Images should not appear in the copy, yet every line of the listing below must be printed exactly.

COLLECTED MATERIAL:

[Start of section]

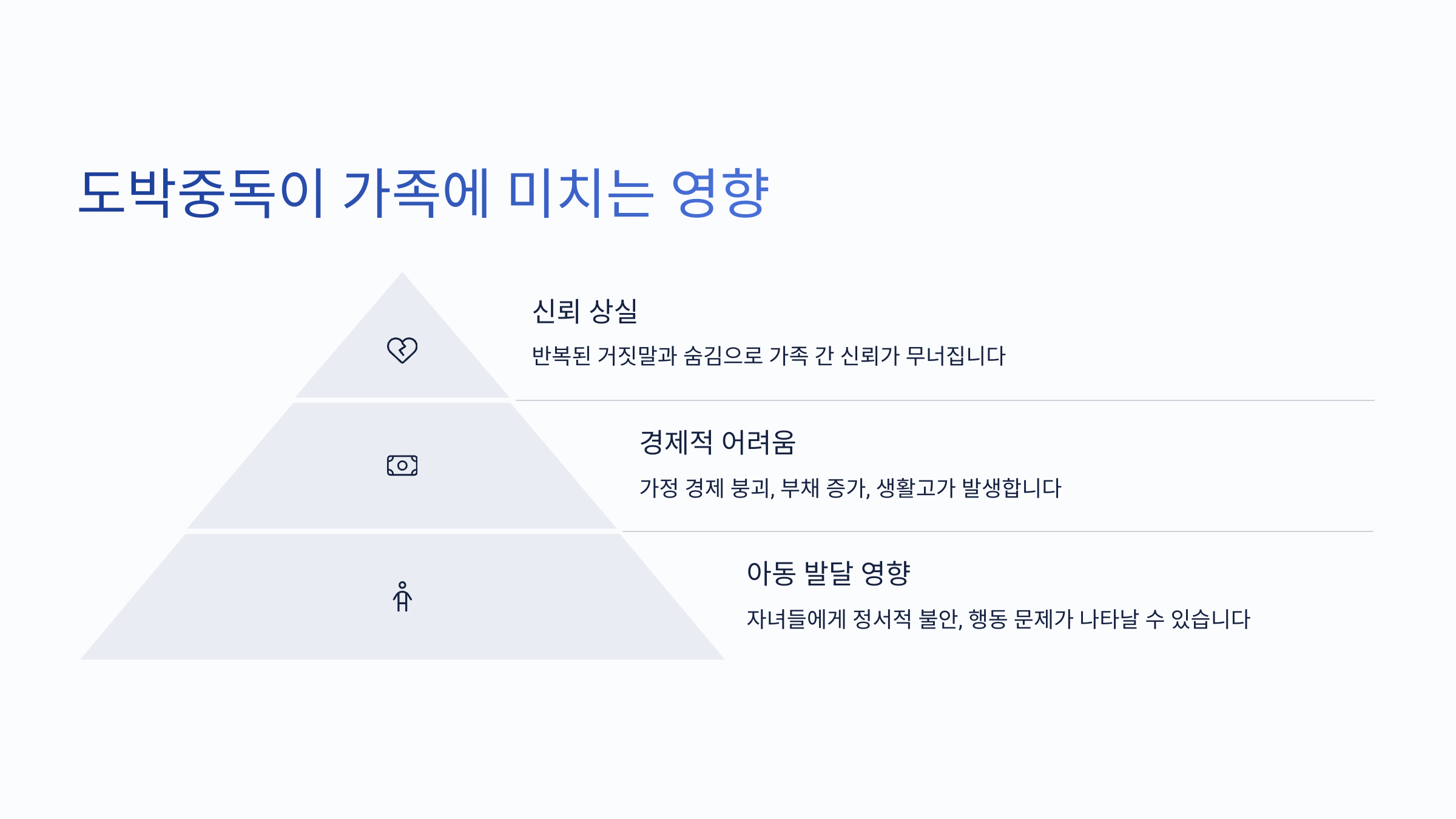 도박중독을 질병으로 인정하고 접근하는 것이 첫 번째 스텝이에요. 비난하거나 수치심을 주는 방식은 오히려 중독을 심화시킬 수 있어요. 🧠
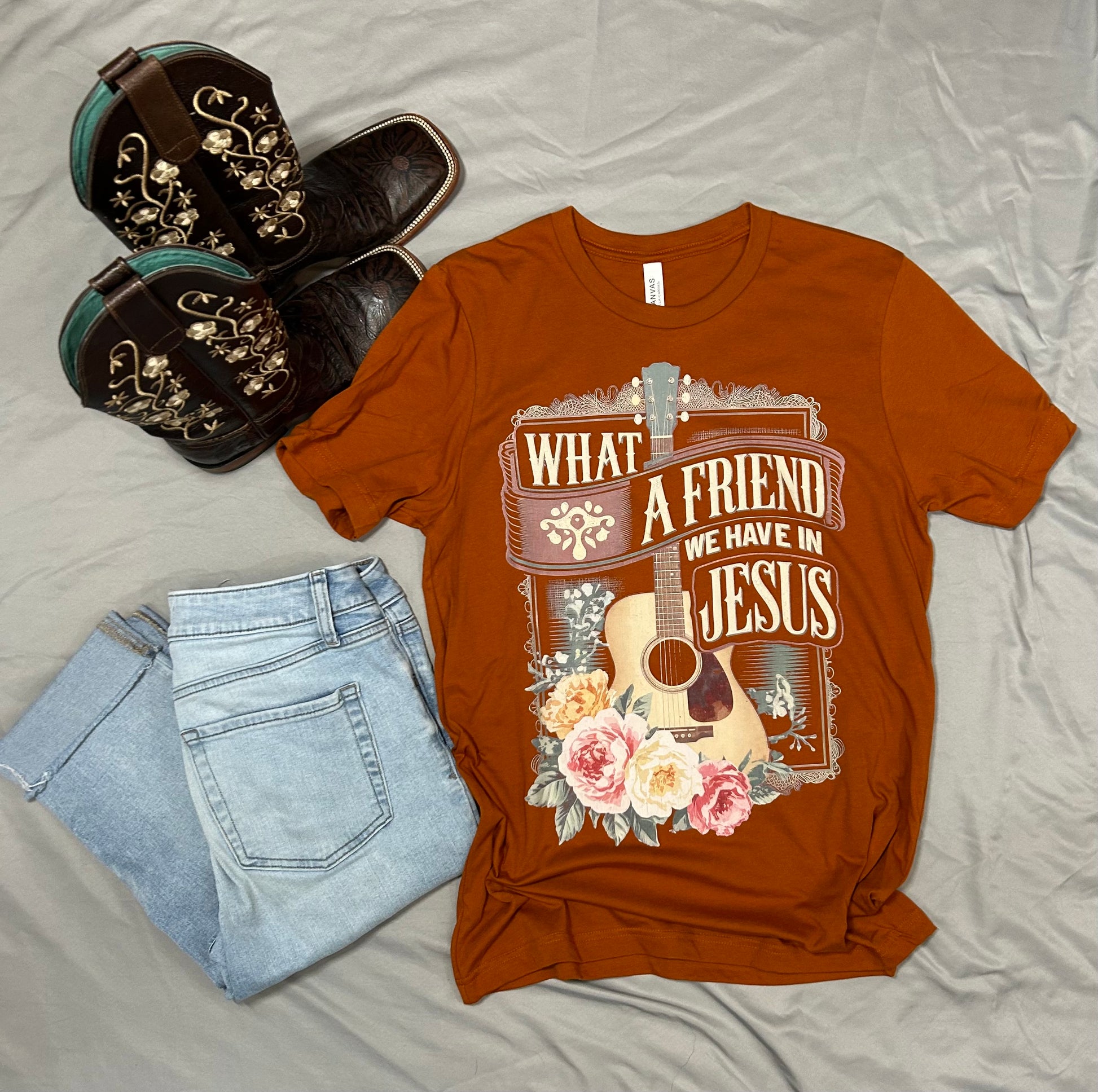 "What a Friend We Have in Jesus" Vintage Cowgirl Aesthetic Christian Tshirt Bella+Canvas
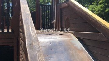 Отметим, кроме самого кораблика ремонта требует и горка, на которой торчат жестяные листы. Кроме того, и съезд с неё ведёт в острые камни. Сама территория у детской площадки также требует благоустройства, впрочем, как и вся набережная

[End of section]

EXERCISE OUTPUT:
 도박중독을 질병으로 인정하고 접근하는 것이 첫 번째 스텝이에요. 비난하거나 수치심을 주는 방식은 오히려 중독을 심화시킬 수 있어요. 🧠
 "What a Friend We Have in Jesus" Vintage Cowgirl Aesthetic Christian Tshirt Bella+Canvas
 Отметим, кроме самого кораблика ремонта требует и горка, на которой торчат жестяные листы. Кроме того, и съезд с неё ведёт в острые камни. Сама территория у детской площадки также требует благоустройства, впрочем, как и вся набережная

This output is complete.